* [REQUIREMENT] With the pictures set aside, return the lines below exactly, beginning at the first and ending at the line containing "建築大工技能者検討会 ダウンロードQRコード".

*** Opening EXERCISE MATERIALS ***

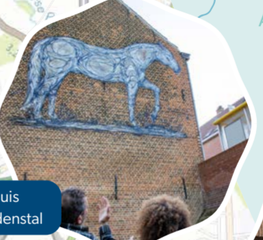
Natuurhuis De Paardenstal
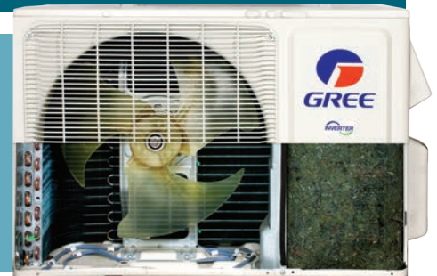
base avec élément chauffant

GREE équipe l'unité extérieure de l'Extreme d'une base avec élément chauffant qui empêche le gel de condensat et assure la pleine efficacité de l'appareil et une puissance de chauffage maximale.
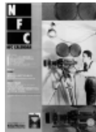
□2004年2-3月号 シリーズ・日本の撮影監督 (1) 6p
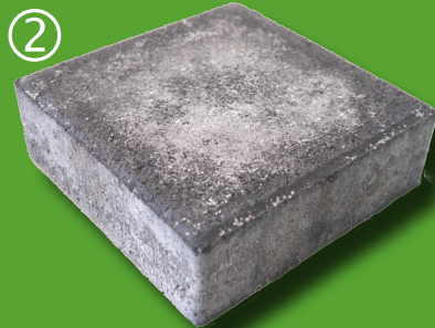
Ausblühungen nach z.B. 3-9 Monaten
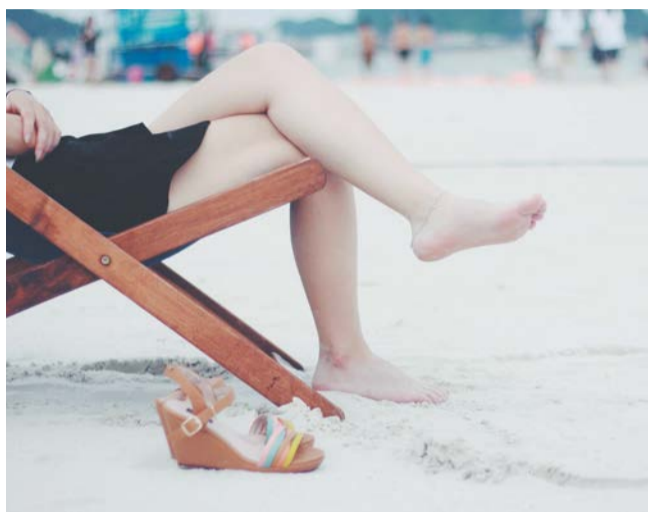
Перед долгожданным отпуском позаботьтесь и о здоровье своих ног | РИХАВАУ

Эффективным методом его лечения считается лазерная терапия. Она позволяет вылечить грибок без приёма системных препаратов и удаления ногтя. Сама процедура комфортная и хорошо переносится людьми любого возраста.
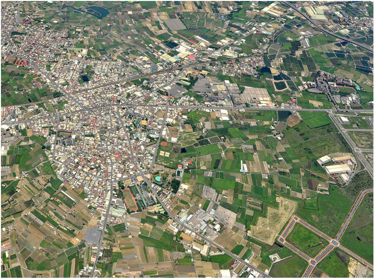
路竹都市計畫區現況圖
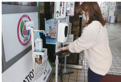
▲役場入口に設置された手指消毒スタンド

新型コロナウイルス感染症対策として消毒液等の購入、避難所における衛生環境整備のため、自動ラップ式トイレの購入等を行います。
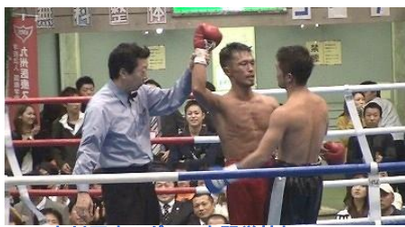
九州医療スポーツ専門学校杯 Vol.5
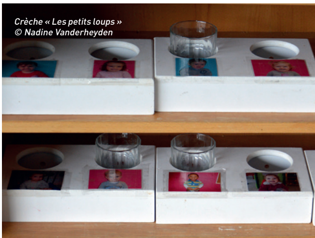
Crèche « Les petits loups »

Toujours dans l'optique de favoriser l'autonomie des enfants, la responsable a imaginé des porte-verres et leur support sur mesure. Un ouvrier de la commune (PO) les a réalisés en bois.
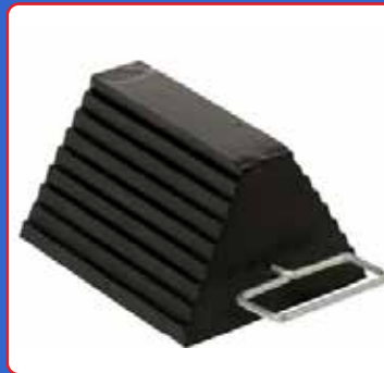
Ganjalan roda terbuat dari karet
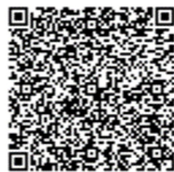
建築大工技能者検討会 ダウンロードQRコード

フリーランス新法が施工されたことを受け、本法の対象となりえる「中小工務店から一人親方の大工など個人事業主への発注」について、今後の対応を仲間知らせるチラシを、全建総連が事務局を担う「建築大工技能者検討会」が発行しました。
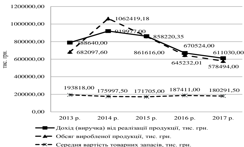
Рис. 1. Динаміка показників господарської діяльності ПАТ «Дніпроважмаш»*

На рис. 1 графічно зображено динаміку виробництва та реалізації виробленої продукції у ПАТ «Дніпроважмаш».
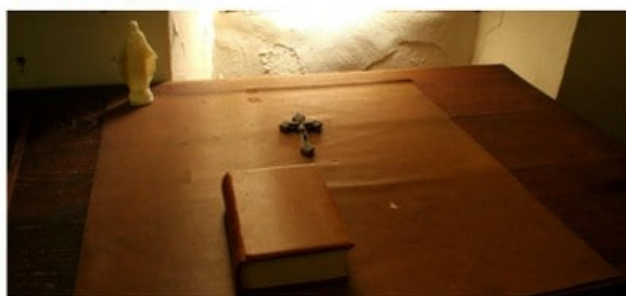
En 2016, RCF a choisi le thème de la sobriété pour accompagner ses auditeurs tout au long du carême

[Carême] La sobriété, nouveau nom du jeûne ? 🐦 📺 📷 🗨️
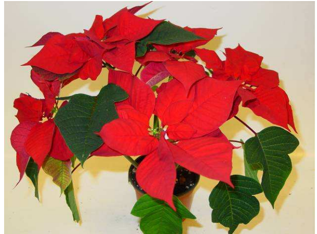
55 Saturnus red
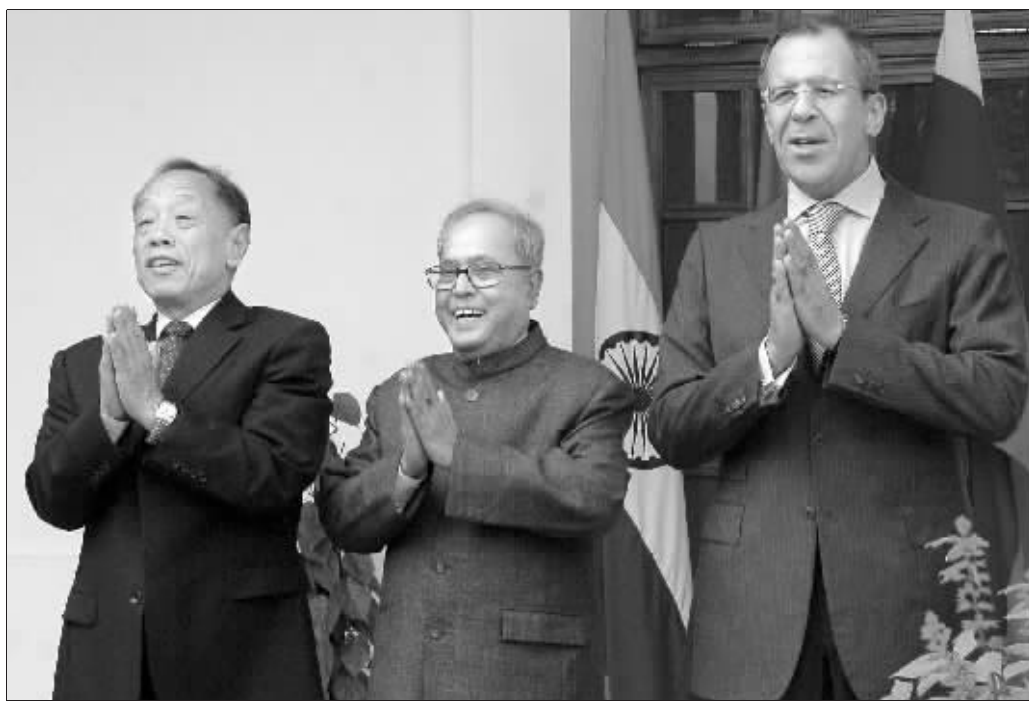
中国外交部长李肇星、印度外长慕克吉和俄罗斯外长拉夫罗夫(从左到右)会晤

13日的中印外长会谈中,李肇星表示,中印经贸合作发展迅速。双方在能源、科技、文化和
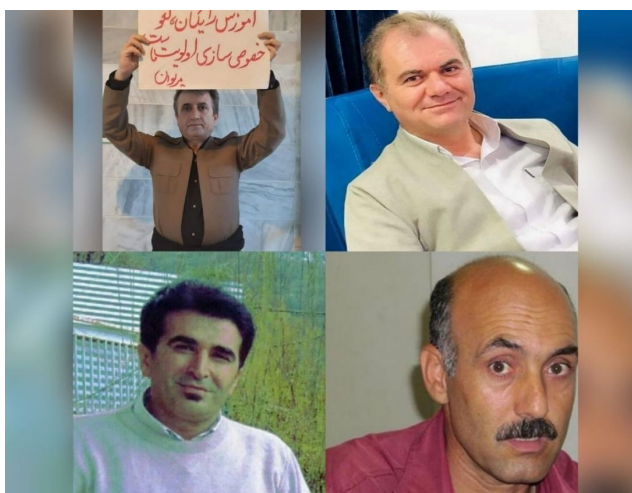
کانون صنفی معلمان اسلامشهر سناریوسازی "روزنامه کیهان" و "برنامه ۲:۳۰" علیه فعالان صنفی را محکوم کرد

حزب کمونیست کارگری ایران - حکمتیست ۲۸ اردیبهشت ۱۴۰۱ - ۱۸ مه ۲۰۲۲
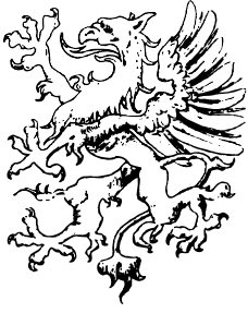
HUGO SIMBERG 1800
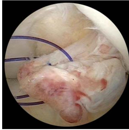
Abb. 5 Fassen des vorderen Kreuzbandstumpfs durch Naht.
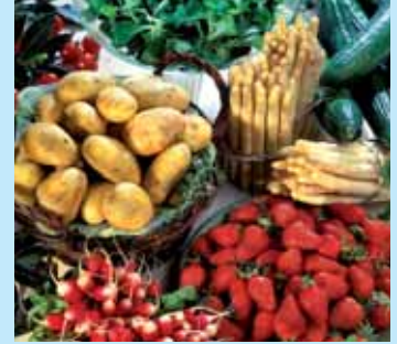
» cuisiner sain
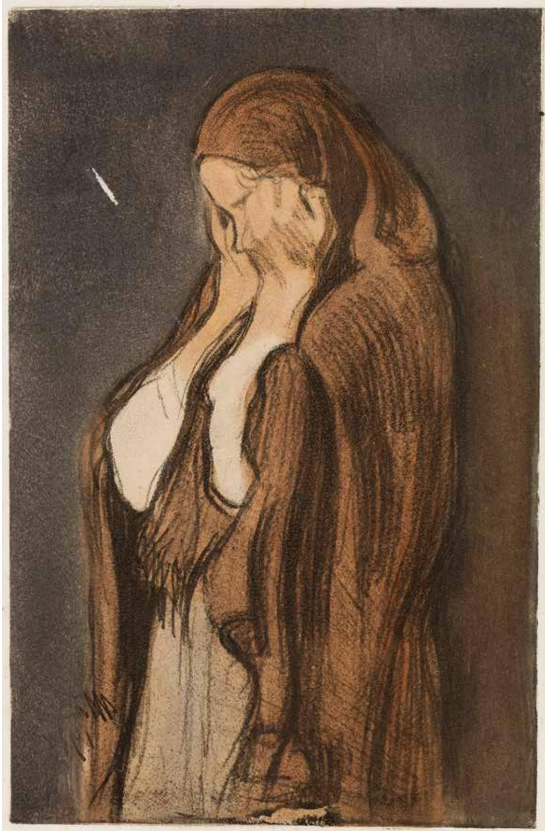
Magnus Enckell 9.11.1870, Hamina 27.11.1925, Tukholma Itkevä nainen, 1907
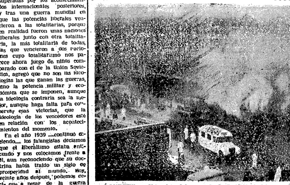
LONDRES. — Una vista del mercado de Smithfield, de la capital inglesa, durante el gigantesco incendio que ha costado la vida a dos hombres y por el que se estima que el valor de los daños por valor de unos 250 millones de pesetas.
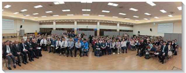
▲全台手語聖徒相調特會在台南市召會舉行

此次特會內容為華語特會信息，總題說到『挪亞、但以理和約伯—在生命線上過得勝生活以成就神經綸的榜樣』。帶我們看見挪亞、但以理和約伯的生活，啓示三一神將祂自己分賜、作到祂所揀選並救贖的人裏面，以成就祂永遠的經綸。在末了一篇信息的分享中，一位聽障聖徒終於領悟，為何他會生長在『無聲』的環境中受苦，原來是要叫他更多的『看見神』而『得著神』。因此，他願意停下埋怨，藉著享受神聖三一的分賜，而留在生命的線上過得勝的生活，以成就神的經綸。
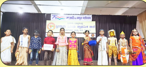
ಶಾಲಾ ಮಟ್ಟದ ಪ್ರತಿಭಾ ಕಾರಂಚಿ : 30.7.2022

ಕಾರ್ಗಿಲ್ ವಿಜಯೋತ್ಸವದ ದಿನವನ್ನು ನಿವೃತ್ತ ಆ ಸೈನಿಕರೊಂದಿಗೆ ಆಚರಿಸಲಾಯಿತು. ಆ ದಿನದಂದು ವಿಶೇಷವಾಗಿ ಸೈನಿಕ ದಂಪತಿಗಳನ್ನು ಆಹ್ವಾನಿಸಲಾಗಿತ್ತು. ಅವರೆಲ್ಲರಿಗೂ ಗೌರವ ಸಮರ್ಪಣೆ ಮಾಡಲಾಯಿತು.

*** Closing EXERCISE MATERIALS ***

* [ANSWER TO THIS PROBLEM]
Natuurhuis De Paardenstal
base avec élément chauffant

GREE équipe l'unité extérieure de l'Extreme d'une base avec élément chauffant qui empêche le gel de condensat et assure la pleine efficacité de l'appareil et une puissance de chauffage maximale.
□2004年2-3月号 シリーズ・日本の撮影監督 (1) 6p
Ausblühungen nach z.B. 3-9 Monaten
Перед долгожданным отпуском позаботьтесь и о здоровье своих ног | РИХАВАУ

Эффективным методом его лечения считается лазерная терапия. Она позволяет вылечить грибок без приёма системных препаратов и удаления ногтя. Сама процедура комфортная и хорошо переносится людьми любого возраста.
路竹都市計畫區現況圖
▲役場入口に設置された手指消毒スタンド

新型コロナウイルス感染症対策として消毒液等の購入、避難所における衛生環境整備のため、自動ラップ式トイレの購入等を行います。
九州医療スポーツ専門学校杯 Vol.5
Crèche « Les petits loups »

Toujours dans l'optique de favoriser l'autonomie des enfants, la responsable a imaginé des porte-verres et leur support sur mesure. Un ouvrier de la commune (PO) les a réalisés en bois.
Ganjalan roda terbuat dari karet
建築大工技能者検討会 ダウンロードQRコード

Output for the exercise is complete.